Ernest Erbstein

Ernő Erbstein or Ernest Egri - Erbstein ( born May 13, 1898 in Nagyvarad, Austria - Hungary, † May 4, 1949 in Superga, Italy) was a Hungarian football player and football coach. As a consultant and trainer, he has been instrumental in the success of the Grande Torino in the 1940s.

Playing career

Erbsteins football career began when he moved to Budapest for his education and there joined the football section of the club Budapesti Atlétikai. When BAK he debuted with 17 years in 1915, where he was mainly in the rotor row to use. The club was a medium-sized, which played some cases also against relegation. In 1921, the BAC could no longer hold in the top division and played from then in the second division, where not succeed in subsequent years, the resurgence.

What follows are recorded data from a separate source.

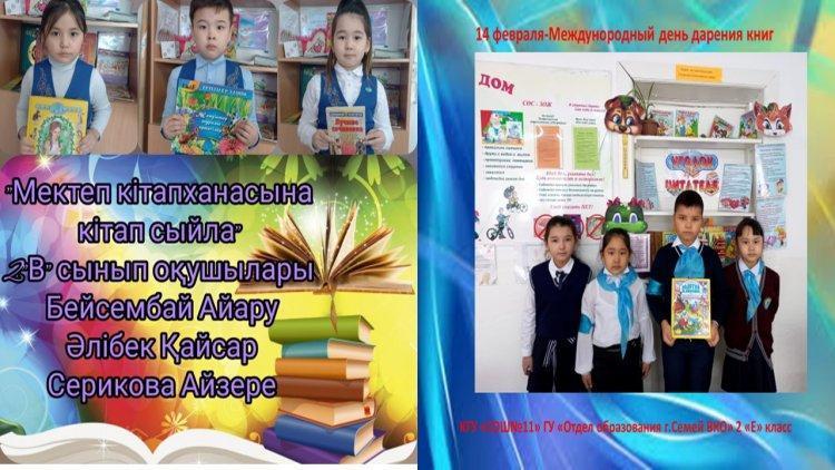 «Оқуға құштар мектеп – оқуға құштар ұлт» республикалық жобасы, «Оқу – жетістікке жету жолы» мектепішілік жоба аясында ШҚО ББ Семей қаласы бойынша ББ «№ 11 ЖОББМ» КММ кітапханасында «Мектеп кітапханасына кітап сыйла» акциясы 14 ақпан – Халықаралық кітап сыйлау күніне орай ұйымдастырылып, акция барысында 0-4 сынып оқушылары мен ата-аналары, ұстаздар кітапханаға кітаптар сыйлады.
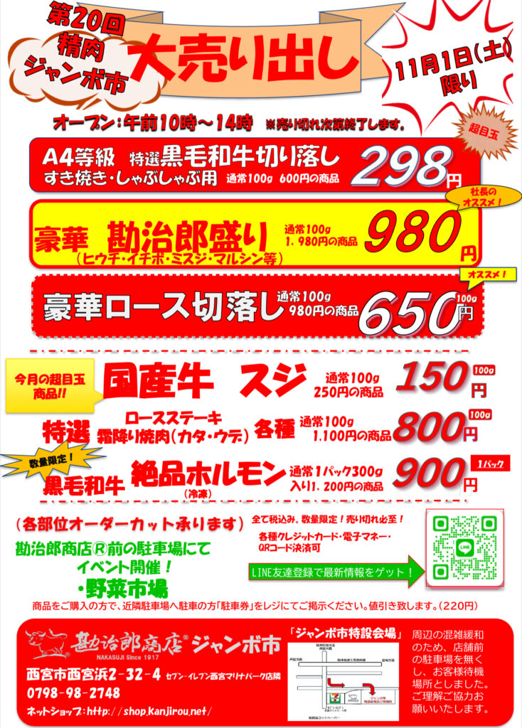 🍁第20回 勘治郎商店® ジャンボ市 大売り出し 開催のお知らせ‼
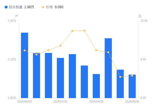10月9日消息,数据显示,截至2025年9月30日,吉大通信A股股东总户数为1.98万户,较上期(2025年9月19日)减少383户,降幅1.90%。公司最新A股总股本为2.73亿股,其中流通A股2.71亿股,户均持有流通A股数量为1.37万股,较上期增加259.38股,增幅1.93%;户均持流通A股市值12.43万元,较上期增加2758.02元,增幅2.27%。
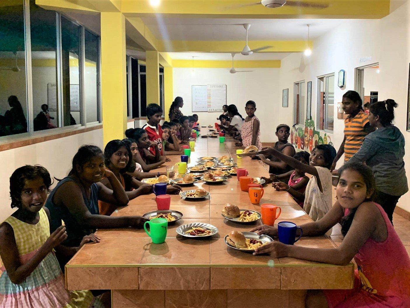 Am Wochenende gab es für alle Mädchen, die ihre Weihnachtsferien bei uns im Angels Home verbringen, eine Runde Chicken-Burger und Pommes Frites. Frank hat sich wieder mal eine Gruppe Mädels in die Trainingsküche geholt, die dort unter seiner Anleitung ein leckeres Abendessen für alle zubereiten durfte. Diesmal waren Ranisha, Salani, Shashikala und Bahgya seine Helferlein und innerhalb von 3 Stunden waren 70 Burger mit Hühnchenfleisch, Tomaten, Zwiebeln, einer leckeren Yoghurtsauce und Käse zubereitet. Außerdem gab es insgesamt 5 kg Pommes Frites. Das Ergebnis war wirklich super lecker und wir alle haben es uns richtig gut schmecken lassen. Danke, Frank! Und danke, liebe Mädels!
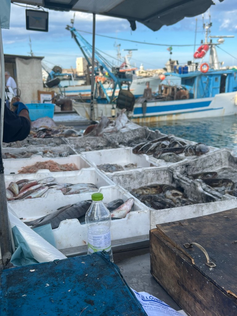 The waterfront in Trani was beautiful. It was filled with fishing boats and at the end of the day, fisherman selling their wares.
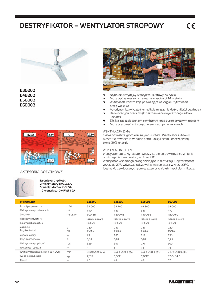 DESTRYFIKATOR – wentylator stropowy E36202 E48202 E56002 E60002 ^^ ^^ ^^ ^^ ^^ ^^ ^^ PRZED N ajbardziej wydajny wentylator sufitowy na rynku M oże być zawieszony nawet na wysokości 14 metrów Wytrzymała konstrukcja pozwalająca na ciągłe użytkowanie przez wiele lat A erodynamiczny kształt umożliwia mieszanie dużych ilości powietrza B ezwibracyjna praca dzięki zastosowaniu wyważonego silnika i łopatek S ilnik z zabezpieczeniem termicznym oraz automatycznym resetem M oże pracować w trudnych warunkach przemysłowych WENTYLACJA ZIMĄ Ciepłe powietrze gromadzi się pod sufitem. Wentylator sufitowy Master sprowadza je w dolne partie, dzięki czemu oszczędzamy około 30% energii. PO WENTYLACJA LATEM Wentylator sufitowy Master tworzy strumień powietrza co zmienia postrzeganie temperatury o około 4°C. Wentylator wspomaga pracę działającej klimatyzacji. Gdy termostat wskazuje 27°, wówczas odczuwalna temperatura wynosi 23°C. Idealne do zawilgoconych pomieszczeń oraz do eliminacji pleśni i kurzu. AKCESORIA DODATKOWE: Regulator prędkości 2 wentylatory RVS 2,5A 5 wentylatorów RVS 5A 10 wentylatorów RVS 10A PARAMETRY 52 E36202 E48202 E56002 E60002 Przepływ powietrza m3/h 21 000 35 700 44 200 69 000 Maksymalna powierzchnia m2 140 180 350 470 Średnica mm/cale 900/36" 1200/48" 1400/56" 1500/60" Rodzaj wentylatora - łopatki osiowe łopatki osiowe łopatki osiowe łopatki osiowe Kolor/Liczba łopatek - białe/3 białe/3 białe/3 białe/3 Zasilanie Częstotliwość V Hz 230 50/60 230 50/60 230 50/60 230 50/60 Zużycie energii W 71 105 110 120 Prąd znamionowy A 0,31 0,52 0,55 0,81 Maksymalna prędkość rpm 325 300 290 300 Wysokość robocza m 4 5 12 14 Wymiary opakowania (dł x sz x wys) mm 660 x 250 x250 660 x 250 x 250 660 x 250 x 250 710 x 280 x 280 Waga netto/brutto kg 7,7/9 9,3/11 9,8/12 12,8/ 14,5 Paleta szt. 45 45 45 32

Erbstein remained until 1924 with the club before he, like many Hungarian players joined this time abroad.

He first played one season with Olimpia Fiume in since the Treaty of Rome to Italy belonging to the port city. In 1925 he moved to the second lists AC Vicenza, where he also played only one season before the provisions of the Charter di Viareggio prohibited the use of non-Italian -born players in the national football operation.

Erbstein moved to Palestine, where an association of Hungarian-Jewish professional players had been founded. With this team, he also took several months of U.S. tour in 1927.

Coaching career

Returned to Europe, Erbstein 1928 began his coaching career in Italy ( foreign coaches were opposed to foreign players still allows ). First, he oversaw the unterklassigen AS Bari and ASG Nocerina before he 1930 CS Cagliari took over and in the first year rising in the B series.

After another season in Bari Erbstein 1933 coach of the U.S. Lucchese Libertas, with which he ascended within three years from the third to the first division and the Tuscan club established with a seventh place in the middle of the Serie A. When he brought the Lucchese later Italian world champion goalie Aldo Olivieri and out as Erbstein 1938 got the offer to take over as coach at AC Turin, he took the player to his new club with.

In Turin Erbstein quickly gained the confidence of the club president Ferruccio Novo and finished at the end of the season in second place. With the introduction of the Italian racial laws Erbstein was forced to leave the country and he returned to Budapest, where he remained but in constant contact with Novo and advised him especially in player purchases. The Torino built around the signings Valentino Mazzola and Ezio Loik on a team that should dominate the Italian 1940s and as Grande Torino went down in history.

After the end of World War II Erbstein returned to Turin, where he first served as a consultant and then as technical director of the team that brought three championships in a row during this time. In 1948, he took on, along with the Englishman Leslie Lievesley again the training of the team. This season succeeded the championship title and in May 1949 the team played a friendly match in Lisbon. On the return flight, the aircraft came in to land in thick fog from off course and crashed on the hill of Superga. Erbstein came as the entire team in this plane crash of Superga killed.